Part One | Part Two | Part Three | Part Four | Part Five
It was a half-day at work. I’m on my way home, and looking forward to binge-watching the back-catalogue of a youtuber I discovered late last night. On top of all that, I’m giddy from the fancy decaf coffee that was definitely not decaf I downed on the bus.
In fact, I’m almost okay with the possibility of running across Bob on my way up to my apartment. After all, he was nowhere to be found this morning, maybe he’ll leave me alone now too.
However, as I approach the building I can see Bob standing just inside the door to the east stairwell. At least I don’t have to wonder where he is. On most days I would just sigh and walk over to the west stairwell. But today is a weird day, and at least up until now it has been pretty good.
I approach the building cautiously, though to my knowledge Bob has never attempted an assault on any of the doors. It’s not often I get a chance to get a really good look at this thing, this blight on my existence.
We like to say Bob is nine feet tall, but since the ceilings are under seven, it’s really more of an estimate. Right now his neck is bent in an exaggerated J-shape, putting his head a bit below his shoulders so he can stare at me at eye-level. Which isn’t creepy at all. From what I can see of the length of his neck, he could easily make nine feet if he stood up straight.
His over-sized beak is at least three feet long, black, and flaking at the edges. The bare wrinkly skin on his head and neck is black too, with a purplish tint to it. His claws come out underneath the longest flight feathers on his wings and protrude beyond the black plume of his tail. When his wings are folded, they almost look like they could be oddly thick, stiff feathers. Bob croaks, tilts his head to the side and spreads his wings (as much as they can be spread in the narrow stairwell), and I can see exactly how long and sharp the claws are.

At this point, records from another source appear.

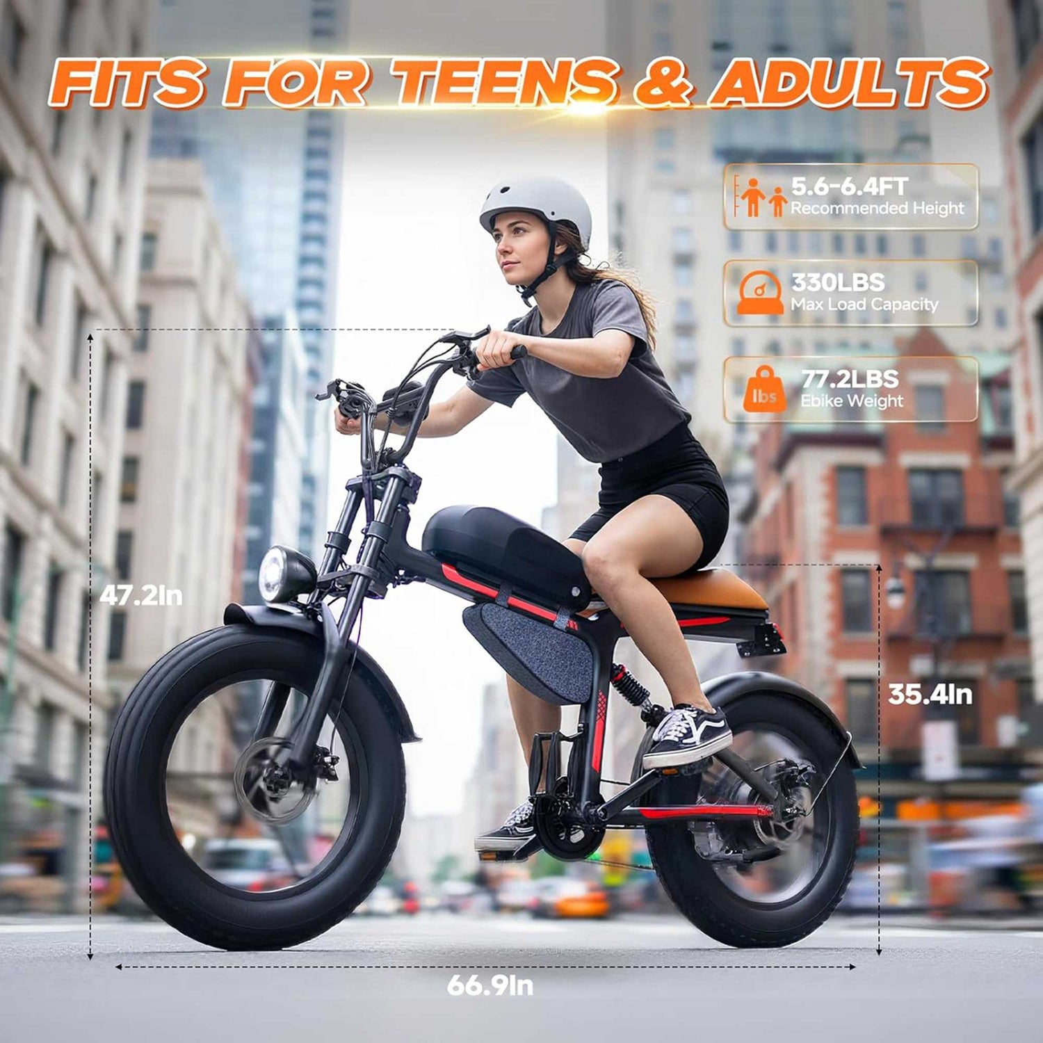 This bike makes a statement. It features a durable, high-tensile steel frame inspired by classic motorcycle aesthetics, built to support riders up to 330 lbs. Modern safety is integrated throughout, including: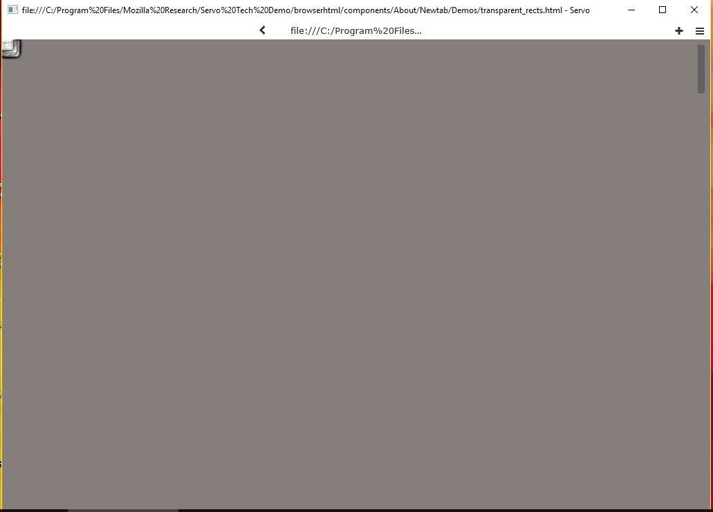 In the latest nightly build the rects have some kind of square border around them. Is this servo/webrender#1943? Edit: This shadow bug is fixed now. The incomplete rect flickering still persists however. |
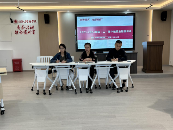 为促进公司青年教师的成长与发展,帮助青年教师做好职业规划和个人发展,进一步提升公司团队队伍的建设水平,太阳成tyc7111cc于2024年5月8日下午召开了以“新老携手,共谋发展”为主题的2023-2024学年(二)期中教师主题座谈会。座谈会分为两个会场,根据不同的教研室进行。公司全体教师齐聚一堂,畅谈教学、育人经验,共同探讨教师职业发展规划,为公司的改革与发展贡献智慧与力量。会议分别由经理吴玲和副经理秦品德主持。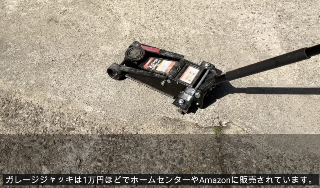 タイヤ交換に必要な工具を揃えたところで、さっそくガレージジャッキで車体を持ち上げましょう。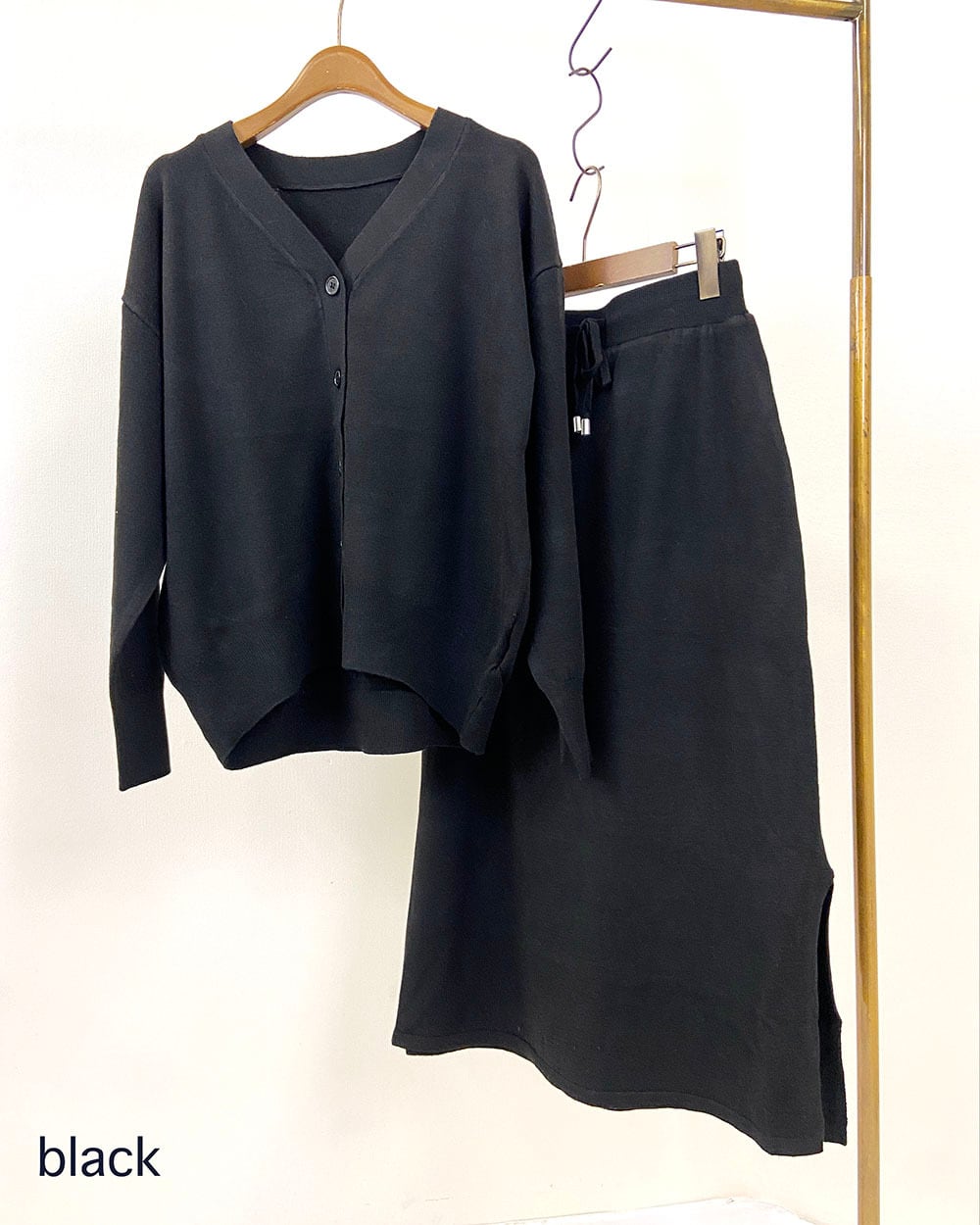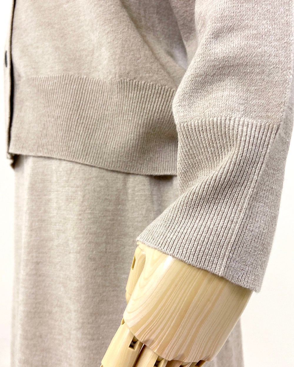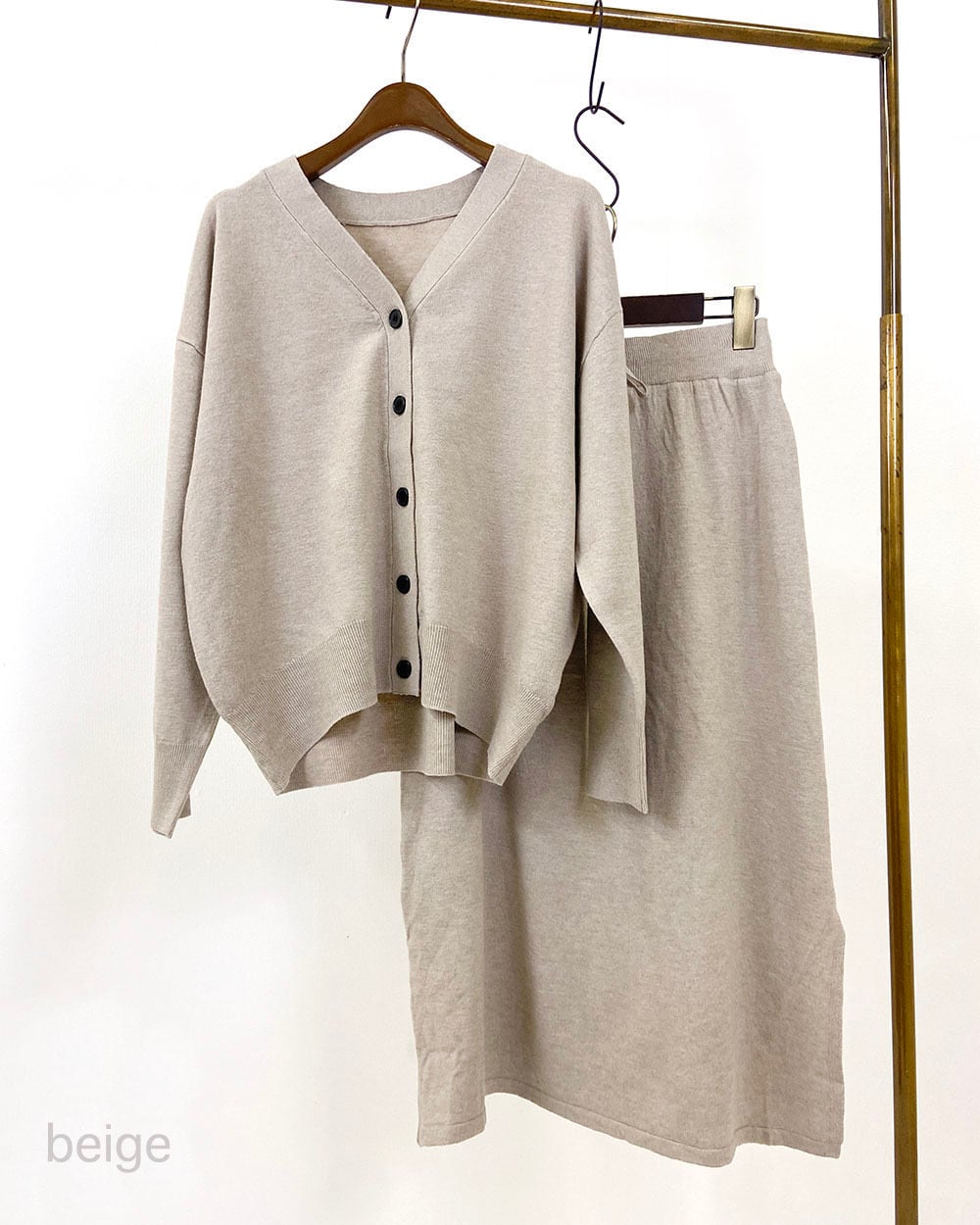 ネックのニットカーディガンとニットスカートのセットアップ。

I glance over my shoulder. A woman is out walking her dog on the other side of the street. Part of me wants to bring her over here to see what she makes of Bob, assuming she makes anything at all.
The building residents are fond of saying we can’t all be crazy, but I don’t see why. After all, either Bob (and the occasional physical evidence of his existence) are a shared delusion, or we are all more or less willing to keep sharing a building with this thing. Neither option speaks well of our mental-health.
I have a stupid idea. I don’t know why it entered my head and I don’t know why I don’t dismiss it immediately. I blame the caffeine.
But I reach for my keys. One way or another, Bob isn’t going to be my problem anymore.
I unlock the door and open it, moving aside as I do so. Part of my body is hidden behind the door, but mostly I want to make sure Bob has plenty of room to get out.
Bob growls and fluffs up his feathers, shifting his weight from foot to foot. He waves his beak around where the door was. Bob takes a step forward-
My head is within striking distance of his beak.
I jump behind the door and slam the door in Bob’s face. Bob hisses in annoyance, and I run to the west stairwell, up the stairs, and down my hallway. My hands are shaking so badly I drop my keys and let out a squeak of terror, before snatching them up and successfully opening my door.
I slam my door shut, run down my hallway, and dive into my bedroom closet. Grasping about in the darkness, I retrieve the box of Near Death-Experience Oreos I keep stashed there and start listing all the ways what I just did was idiotic, one for each new cookie. Thankfully I cut this exercise short after the first row, otherwise I easily could have consumed the whole box. But I do not leave the closet. My zebra finches chirp in worried tones outside.